In 2023, Bill Wyman of Vulture ranked it the second-worst Beatles song, writing that, "[as] Lennon himself put it, this is what you get when you're stoned all the time and don’t give a shit", and criticised it for being tuneless and without subject matter. The same year, NME also ranked it the second-worst, naming it "50 seconds of a far longer studio jam" and commenting that was only released "to exemplify the fact that The Beatles cut loose a lot during the Let It Be sessions. Now we've got seven-plus hours of Get Back, it's rendered superfluous." Also in 2023, Ultimate Classic Rock ranked it 201st best (29th worst), deeming the short album edit to be "barely a fart" compared to the fifteen-minute version. Earlier, they had included the track in their list of the worst Beatles songs, arguing that in being cut to less than a minute for the album, the result sounded as "slight and unfinished" as it actually was. In 2020, they ranked it 17th on their list of the "top 20 weirdest Beatles songs", with Nick DeRiso opining that, of all the unusual choices Spector made throughout Let It Be, the most egregious was "tacking on this unfocused gobbledygook, even in snippet form."

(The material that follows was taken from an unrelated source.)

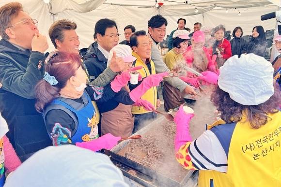 | ▲ 딸기축제기간동안 백성현 논산시장은 축제장 곳곳을 누볐다. 29일 백성현 논산시장이 한우무료시식회장을 찾아 조용훈 논산시의회 의장, 김종욱 의원, 이태모 의원과 함께 관광객들에게 시식용 한우불고기를 나눠어 줬다. |
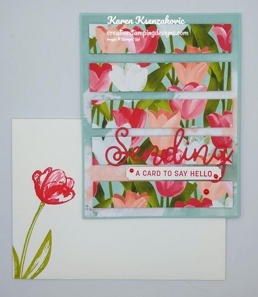 - Brights 6 X 6 Designer Series Paper 4 1/4″ X 5 1/4″ (card front mat), 1/2″ X 4″ (inner liner strip), 1/2″ X 6″ & 2 1/4″ X 6″ (envelope)

Kenneth Womack describes the full recording as "a free-form, improvisational rant of some 12 minutes" that, at one moment, features Lennon duetting with the six-year-old Heather Eastman, and quotes Peter Doggett as describing the jam as a "slice of late '60s hippie slang". The author Barry Miles writes: "A brief extract from an improvised three-chord jam session that ran to more than 12 minutes on tape, 'Dig It' was included on the album to boost its vérité credentials". Steve Hamelman includes "Dig It" and "Maggie Mae" among the "benchmarks of the record's poetics of improvisation", alongside the dialogue snatches heard between songs, adding that "Dig It" exemplifies Lennon's associative wordplay. 33 1/3 author Steve Matteo writes that despite being a "short throwaway", "Dig It" has "great charm and appeal". In his discussion of the album, Kevin Courrier describes "Dig It" as a "mock church sermon featuring Billy Preston's gospel organ pulsing through it like a hot wire", and added that Lennon's closing remark – "Now, we'd like to do 'Hark, the Angels Come'" – can be interpreted as a "dig" at the following song, McCartney's "Let It Be", opining: "If 'Dig It' is gospel parody, 'Let It Be' is the real thing."

==Personnel==
- John Lennon - lead vocals, six-string bass (Fender Bass VI)
- Paul McCartney - vocals in full version, piano
- George Harrison - vocals in full version, lead guitar (Fender Telecaster)
- Ringo Starr - drums
- Billy Preston - Hammond organ
- George Martin - shaker
- Heather McCartney - vocals in full version
Personnel per Ian MacDonald

==Cover versions==
- In between 1990 and 1991 while preparing for the song Give In to Me, Michael Jackson sang an impromptu short version of the track. This recording appears on the Give In to Me work tape.